A progress tracker service ingests completion events from multiple upstream services, detects when users cross configurable milestones, calculates streaks based on activity patterns, and triggers achievement unlocks through a downstream pipeline. It provides a unified view of user progress across a platform — whether that is courses completed, workouts logged, or episodes watched — without requiring each upstream service to implement milestone logic independently.

Requirements

Functional Requirements

  • Ingest completion events (e.g., lesson complete, workout done, episode watched) from upstream services via event stream.
  • Maintain per-user, per-activity-type cumulative counters and timestamps.
  • Detect milestone crossings (e.g., 10th, 50th, 100th completion) and emit milestone events.
  • Calculate daily and weekly streaks: consecutive days or weeks with at least one qualifying completion.
  • Trigger achievement unlock pipeline when milestone or streak conditions are met.
  • Expose a progress summary API for profile pages and dashboards.

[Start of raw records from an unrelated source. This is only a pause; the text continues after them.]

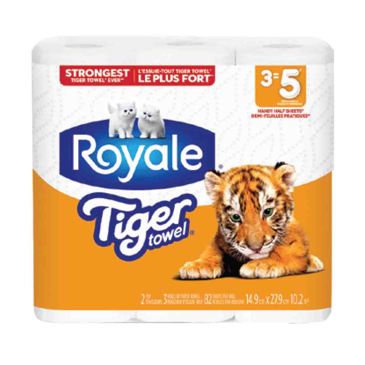 Royale 3 roll Tiger Towels are reliable, absorbent paper towels for everyday use. With its strong and durable construction, these paper towels are designed to handle a variety of cleanup tasks effectively. Whether for kitchen cleanup or general household use, the Royale Paper Towel Tiger Towels provide a convenient and effective solution for maintaining cleanliness and tidiness in your home.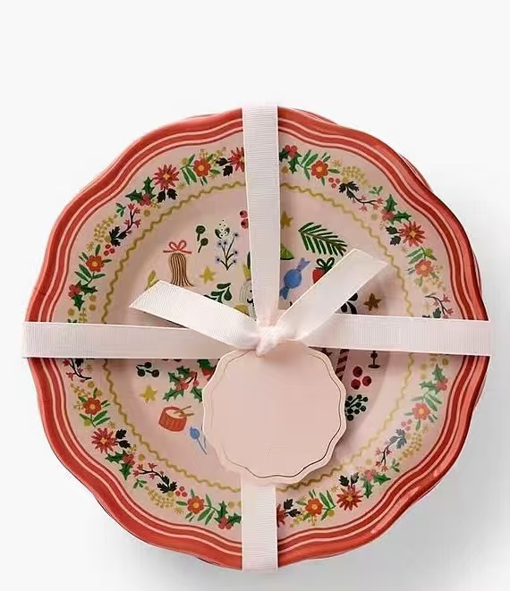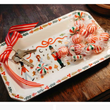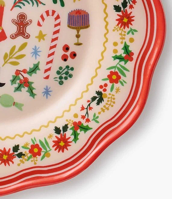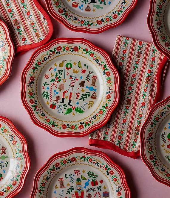 Packaged with a ribbon, this set of four holiday dessert plates features a sweet scalloped edge and four illustrations inspired by The Nutcracker.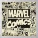 This retro Marvel Comics pattern features the vintage Marvel Comics logo on top of various black and white comic book pages, featuring Captain America, Spider-Man, Iron Man, Daredevil, Luke Cage, and Iron Fist.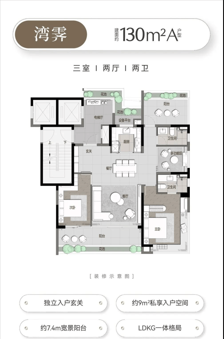 万科三亚湾项目的在售产品户型为建筑面积123~130平方的2+1房两卫,143~169平方的3+1房三卫,以及建筑面积189平方的四房三卫。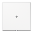 Placa de salida cable LS en duroplástico brillante blanco alpino, con soporte y fijación por tornillo, ideal para una instalación segura y estética.
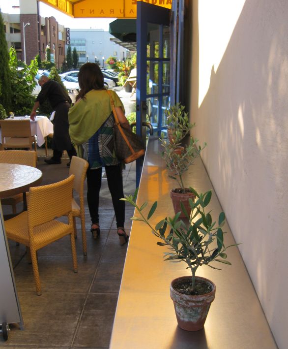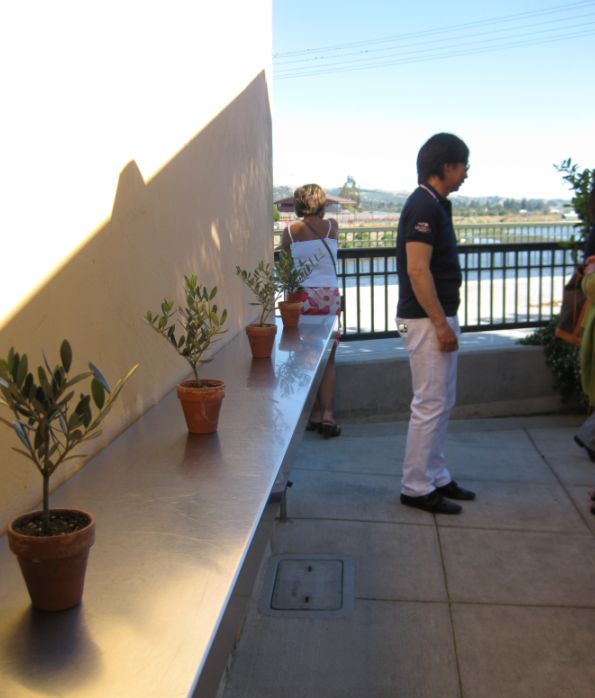 I thought this is a nice touch... a bunch of potted olive trees on display! |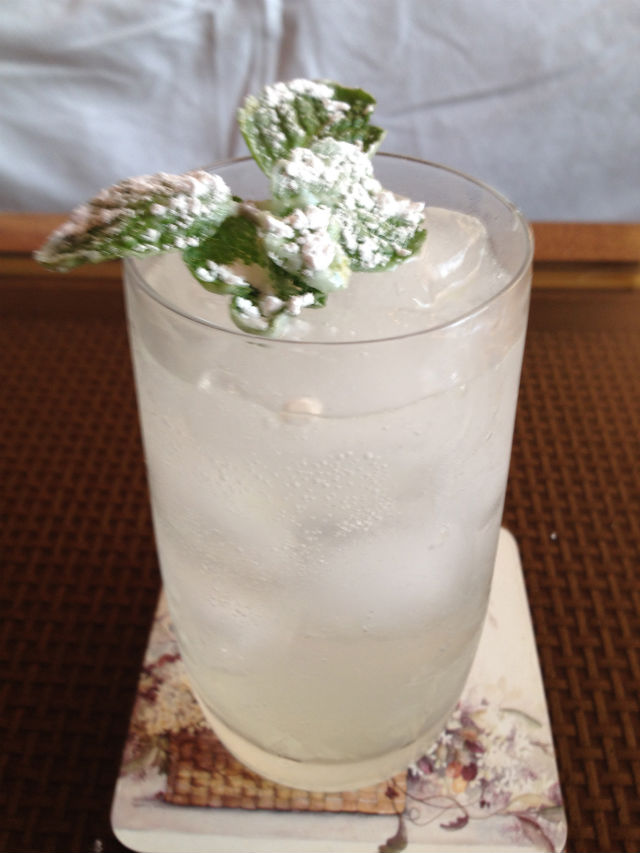 Mix all ingredients except lime, club soda and mint in a shaker. Pour over fresh ice in a Collins glass. Fill with club soda and squeeze in juice of half a lime. Garnish with a wet mint sprig dusted with powdered sugar.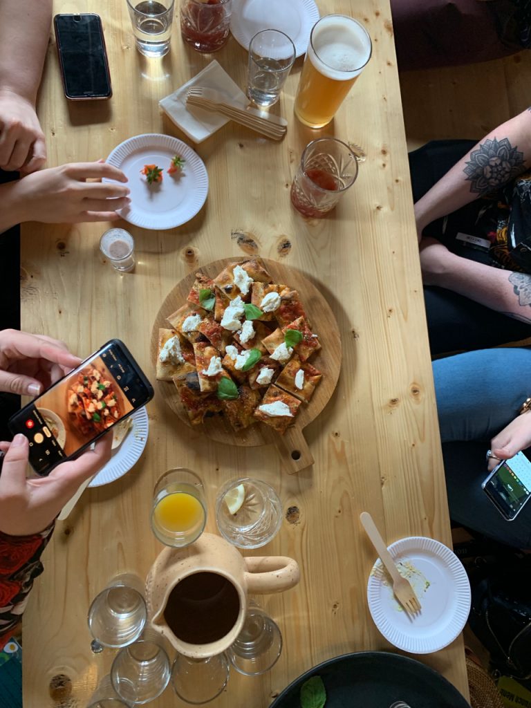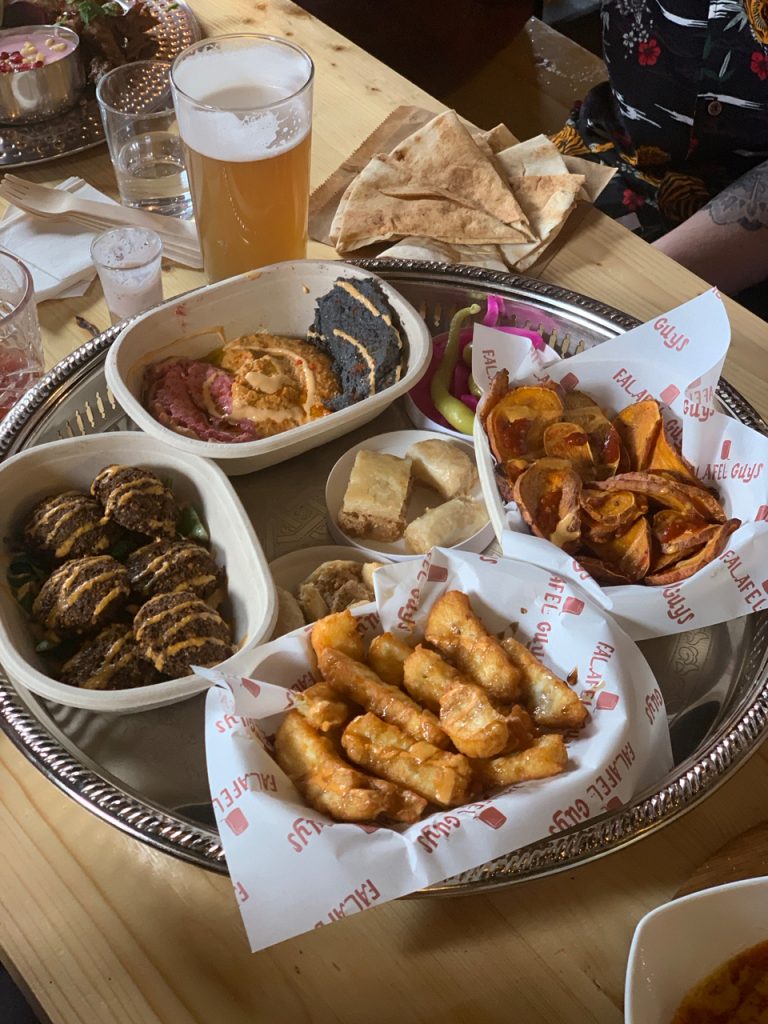 By now the table was well into the swing of things and ready to receive The Falafel Guys who are offering sharing platters featuring falafel, halloumi fries, sweet potato chips, hummus, mixed pickles, bread & baklava. Falafel is so often a sphere of dry powdery disappointment but no such worries here and I can certainly get on board with the idea of sweet potato and halloumi fries for breakfast.

Non-Functional Requirements

  • Ingest up to 100,000 completion events per second at peak.
  • Streak calculations must be timezone-aware (user local time defines day boundaries).
  • Progress summary reads under 25 ms P99.
  • At-least-once event delivery; duplicate events must be idempotent.

Data Model

CompletionEvent (immutable log)

  • event_id UUID — idempotency key; unique index prevents duplicate processing.
  • user_id, activity_type (e.g., LESSON, WORKOUT, EPISODE).
  • content_id — the specific item completed.
  • completed_at timestamp — used for streak date logic.
  • source_service — which upstream service emitted the event.

ProgressCounter

  • user_id, activity_type — composite primary key.
  • total_count BIGINT — cumulative completions.
  • last_milestone_crossed INTEGER — highest milestone threshold already triggered.
  • updated_at timestamp.

StreakRecord

  • user_id, activity_type, streak_type (DAILY, WEEKLY) — composite PK.
  • current_streak INTEGER — current consecutive period count.
  • longest_streak INTEGER — all-time record.
  • last_activity_date DATE — in user local timezone.
  • streak_broken_at NULLABLE DATE — when the most recent streak ended.

Core Algorithms

Idempotent Event Processing

On receipt of a completion event, the processor first attempts to insert the event into the CompletionEvent log using an INSERT ... ON CONFLICT (event_id) DO NOTHING. If the insert affects zero rows, the event is a duplicate and processing stops. This guarantees exactly-once counter increments regardless of how many times the event is delivered from the upstream Kafka topic.

Milestone Detection

Milestone thresholds are stored in a sorted configuration list per activity type (e.g., [1, 5, 10, 25, 50, 100, 250, 500]). After incrementing the counter, the processor queries the next uncrossed threshold: the smallest value greater than last_milestone_crossed. If total_count >= next_threshold, a MILESTONE_CROSSED event is emitted to Kafka and last_milestone_crossed is updated. Multiple thresholds can be crossed in a single update (e.g., bulk import) — the processor iterates the threshold list until no more are crossed.

Streak Calculation

The streak algorithm converts completed_at to the user local date using their stored timezone preference. It then compares last_activity_date on the StreakRecord with today local date. If the difference is 0 (same day), no change. If the difference is 1 (consecutive day for DAILY streak), increment current_streak and update last_activity_date. If the difference is greater than 1, the streak is broken: set streak_broken_at to the previous last_activity_date, reset current_streak to 1, and update last_activity_date. Update longest_streak if current_streak exceeds it.

API Design

  • GET /v1/progress/{user_id} — returns all ProgressCounters and StreakRecords for the user; used by profile and dashboard pages.
  • GET /v1/progress/{user_id}/{activity_type} — returns counter and streak for a specific activity type.
  • POST /v1/events — internal endpoint for upstream services to submit completion events; accepts batches of up to 100 events.
  • GET /v1/milestones/{user_id} — returns all milestones crossed with timestamps; used by achievement display pages.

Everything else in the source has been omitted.